Exercise -
Images in the records should be skipped while the rest is transcribed verbatim.

* * * * * * * * *

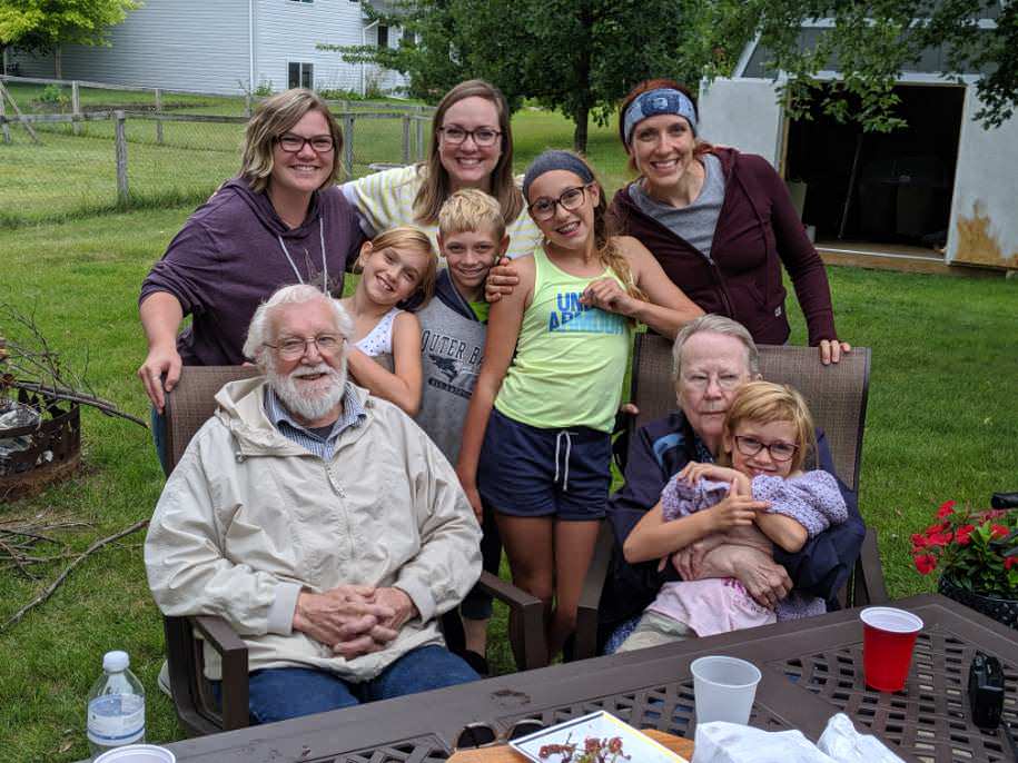 Dad with his great-grandkids and some of his grands, 2019.
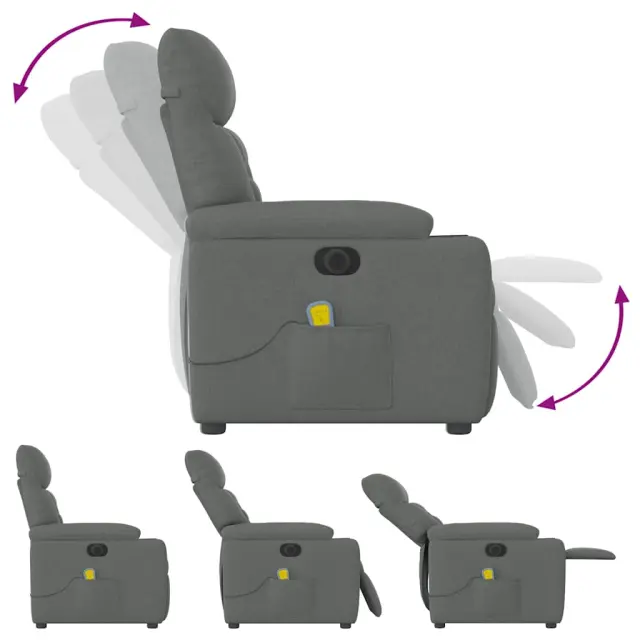 vidaXL Električni masažni naslanjač temno sivo blago
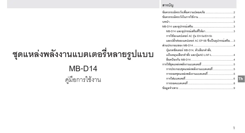 El disparador, el multiselector, los diales de control, y el botón AE-L/AF-L de la MB-D14 5 MB-D14 Bloqueo del control 5 Uso de la unidad de alimentación 6 Montaje de la unidad de alimentación 6 Extracción de la unidad de alimentación 6 Introducción de las baterías 7 Extracción de las baterías 9 Especificaciones 10
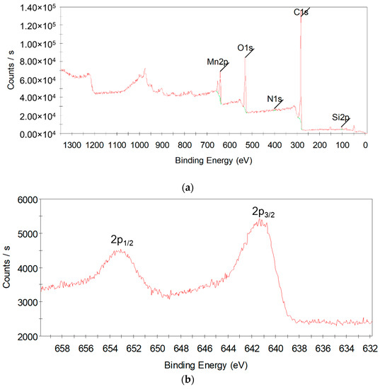 XPS spectra of Mn (0.03)/NAC after reaction: (a) survey; (b) high resolution of Mn 2p.
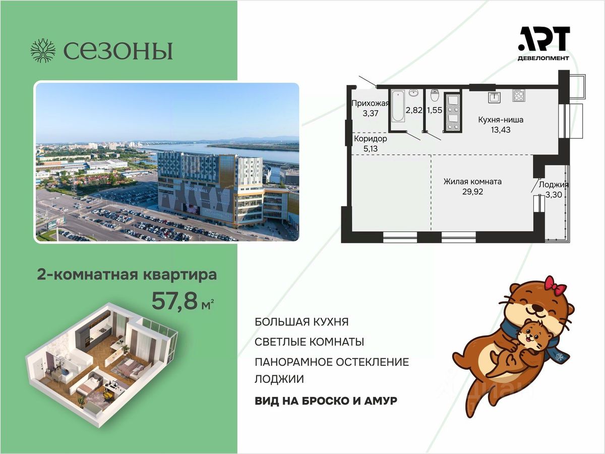 Осенние скидки! Выгода до 1,9 миллиона рублей. Стартовые цены - от 7,5 миллионов рублей. Квартира 58,62 м2 свободной планировки с видами на Амур и Броско.
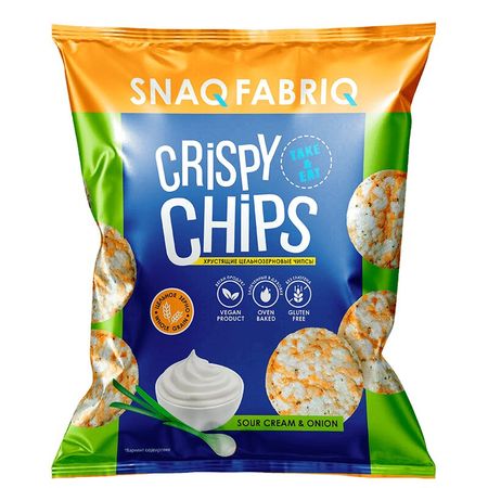 Цельнозерновые рисовые чипсы со вкусом сметаны и лука, запеченные в духовом шкафу, Преимущества: — содержат всего 1 г жира на целую упаковку; — без глютена, без консервантов, без трансжиров; — цельнозерновые; — запеченные в духовке; — подходит веганам. Очень легко усваиваются и подойдут даже тем, у кого есть сложности с пищеварением. Отличный перекус, альтернатива вредным аналогам.
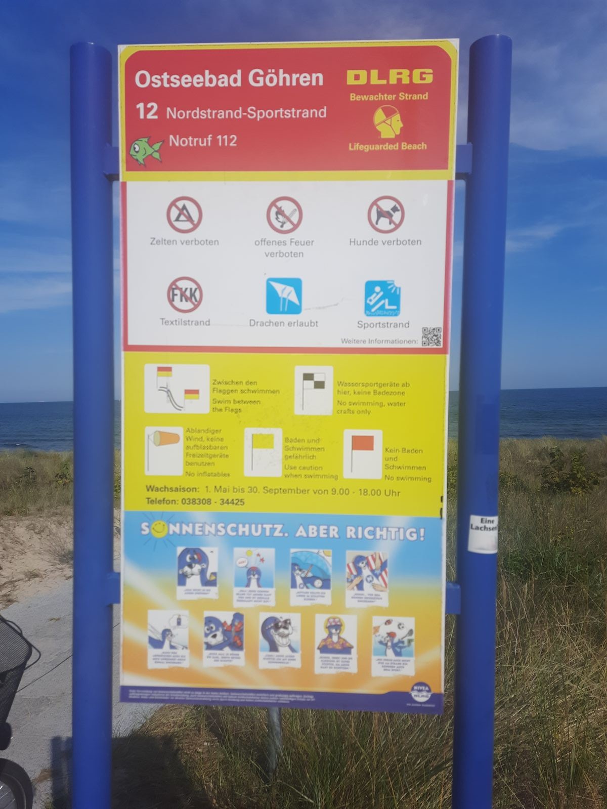 In Göhren hatte ich meinen Drachen leider nicht dabei, es sah aber auch aus, also könnte man, mit etwas laufen, hier ein paar Spots finden. Und- ein (für uns!) sehr sympatisches Strandschild- Drachen erlaubt, Hunde verboten (siehe Anhang):)
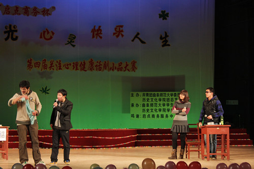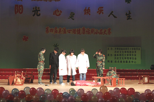 经过初赛、复赛的激烈角逐,共有来自各院系的8支队伍进入决赛。比赛中,选手们针对大学生普遍存在的亲情、友情、爱情等方面的困惑问题以新颖的编排方式、逼真到位的演技和饱满的感情给观众们带来心灵的震撼。《那年花落》浓浓的舐犊情深弥漫全场,让在场观众为之动容; 《我的野蛮舍友》通过讲述发生在男生宿舍的故事,告诉我们青春年少,同窗情谊且行且珍惜;《简单爱》则坚定了我们追求单纯懵懂的爱情信念。此次心理话剧小品大赛还设有抽奖环节和短信微博互动,整场比赛精彩纷呈,高潮迭起,观众掌声不断,在我校2011年十佳歌手徐超同学的一首劲歌中大赛落下帷幕。根据公平公正的原则,本次大赛评选出一、二、三等奖及优秀奖,最佳男女主角奖,最佳导演奖及最佳编剧奖。
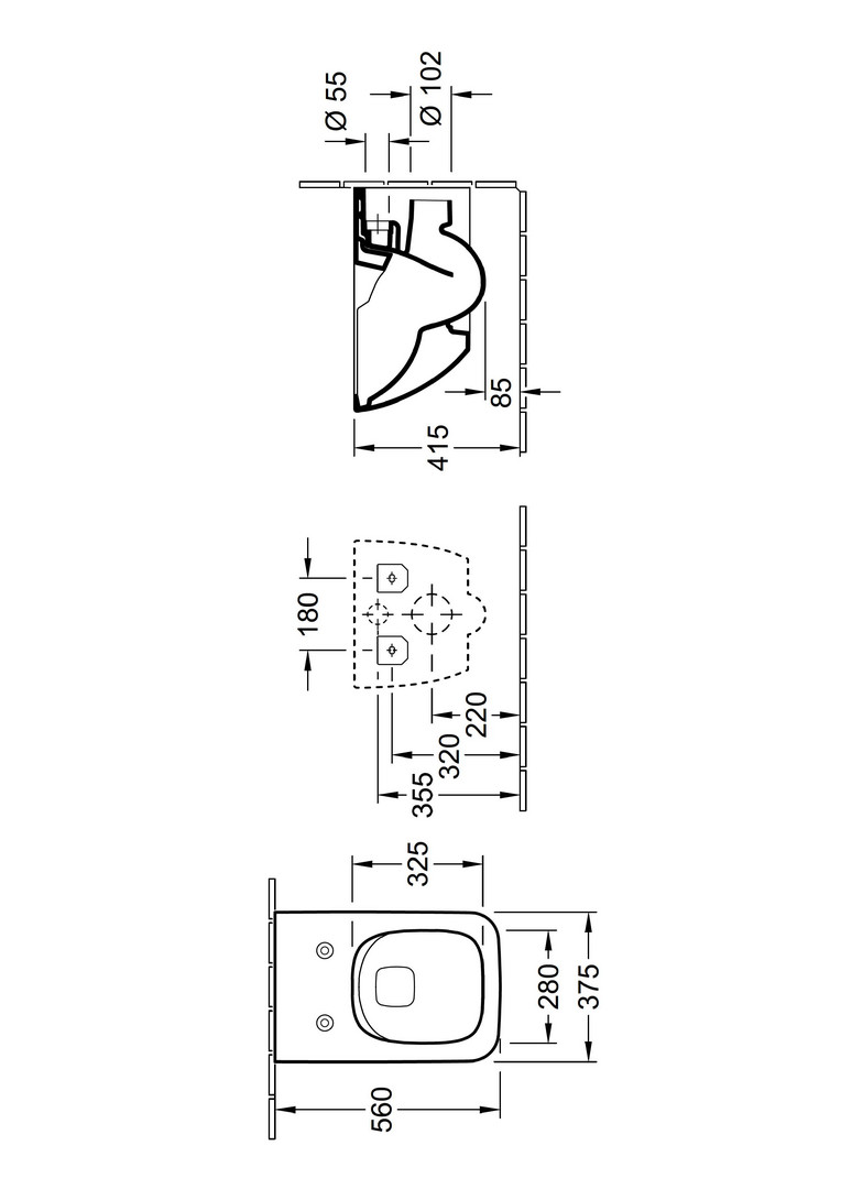V & B Levita Wand-Tiefspül-WC 56 x 37,5 cm, weiß, spülrandlos W31201
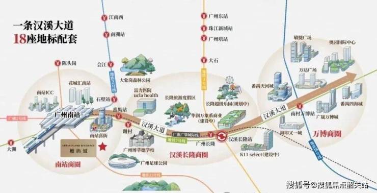 项目距离地铁2号线、7号线、佛山2号线及22号线四线交汇的广州南站约1.7公里,步行稍远,但门口就有3条公交线路接驳地铁站,早高峰打车到珠江新城平均25分钟左右。自驾方面,东晓南路、汉溪大道主干道就在附近,加上即将通车的海珠湾隧道,往海珠、天河方向会更顺畅。对依赖公共交通的家庭来说,虽然不算“地铁上盖”,但换乘效率其实不低。
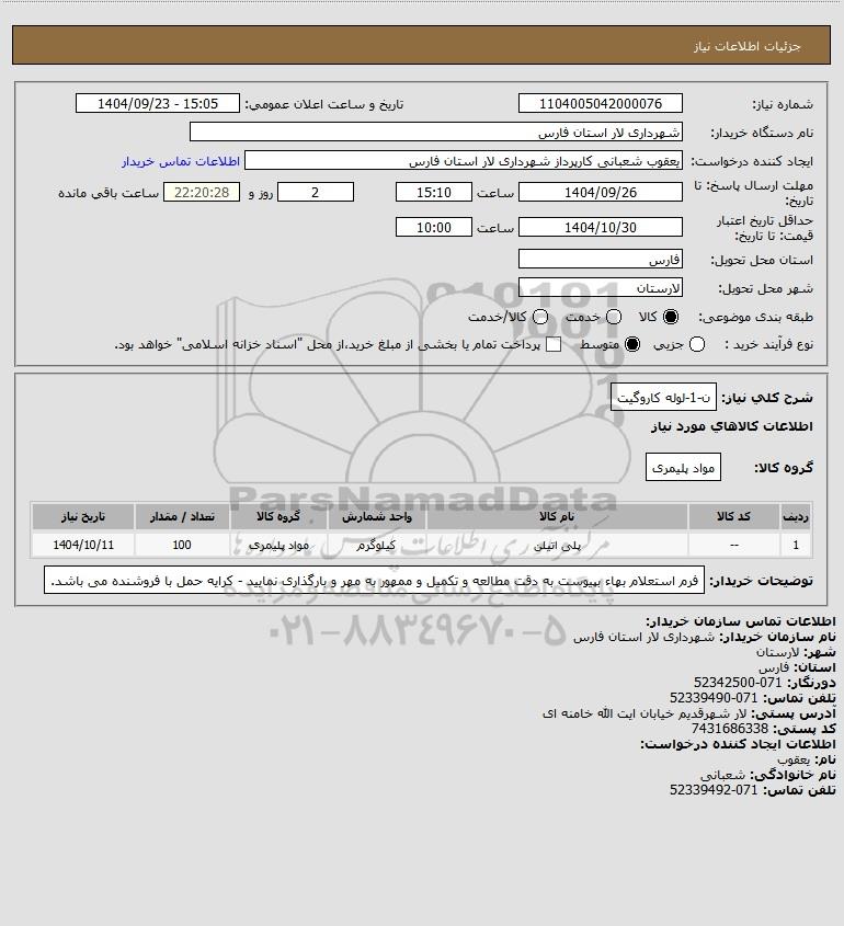 نام دستگاه خریدار:شهرداری لار استان فارس

* * * * * * * * *

Answer to this exercise -
 Dad with his great-grandkids and some of his grands, 2019.
 vidaXL Električni masažni naslanjač temno sivo blago
 El disparador, el multiselector, los diales de control, y el botón AE-L/AF-L de la MB-D14 5 MB-D14 Bloqueo del control 5 Uso de la unidad de alimentación 6 Montaje de la unidad de alimentación 6 Extracción de la unidad de alimentación 6 Introducción de las baterías 7 Extracción de las baterías 9 Especificaciones 10
 XPS spectra of Mn (0.03)/NAC after reaction: (a) survey; (b) high resolution of Mn 2p.
 Осенние скидки! Выгода до 1,9 миллиона рублей. Стартовые цены - от 7,5 миллионов рублей. Квартира 58,62 м2 свободной планировки с видами на Амур и Броско.
 Цельнозерновые рисовые чипсы со вкусом сметаны и лука, запеченные в духовом шкафу, Преимущества: — содержат всего 1 г жира на целую упаковку; — без глютена, без консервантов, без трансжиров; — цельнозерновые; — запеченные в духовке; — подходит веганам. Очень легко усваиваются и подойдут даже тем, у кого есть сложности с пищеварением. Отличный перекус, альтернатива вредным аналогам.
 In Göhren hatte ich meinen Drachen leider nicht dabei, es sah aber auch aus, also könnte man, mit etwas laufen, hier ein paar Spots finden. Und- ein (für uns!) sehr sympatisches Strandschild- Drachen erlaubt, Hunde verboten (siehe Anhang):)
 经过初赛、复赛的激烈角逐,共有来自各院系的8支队伍进入决赛。比赛中,选手们针对大学生普遍存在的亲情、友情、爱情等方面的困惑问题以新颖的编排方式、逼真到位的演技和饱满的感情给观众们带来心灵的震撼。《那年花落》浓浓的舐犊情深弥漫全场,让在场观众为之动容; 《我的野蛮舍友》通过讲述发生在男生宿舍的故事,告诉我们青春年少,同窗情谊且行且珍惜;《简单爱》则坚定了我们追求单纯懵懂的爱情信念。此次心理话剧小品大赛还设有抽奖环节和短信微博互动,整场比赛精彩纷呈,高潮迭起,观众掌声不断,在我校2011年十佳歌手徐超同学的一首劲歌中大赛落下帷幕。根据公平公正的原则,本次大赛评选出一、二、三等奖及优秀奖,最佳男女主角奖,最佳导演奖及最佳编剧奖。
V & B Levita Wand-Tiefspül-WC 56 x 37,5 cm, weiß, spülrandlos W31201
 项目距离地铁2号线、7号线、佛山2号线及22号线四线交汇的广州南站约1.7公里,步行稍远,但门口就有3条公交线路接驳地铁站,早高峰打车到珠江新城平均25分钟左右。自驾方面,东晓南路、汉溪大道主干道就在附近,加上即将通车的海珠湾隧道,往海珠、天河方向会更顺畅。对依赖公共交通的家庭来说,虽然不算“地铁上盖”,但换乘效率其实不低。
 نام دستگاه خریدار:شهرداری لار استان فارس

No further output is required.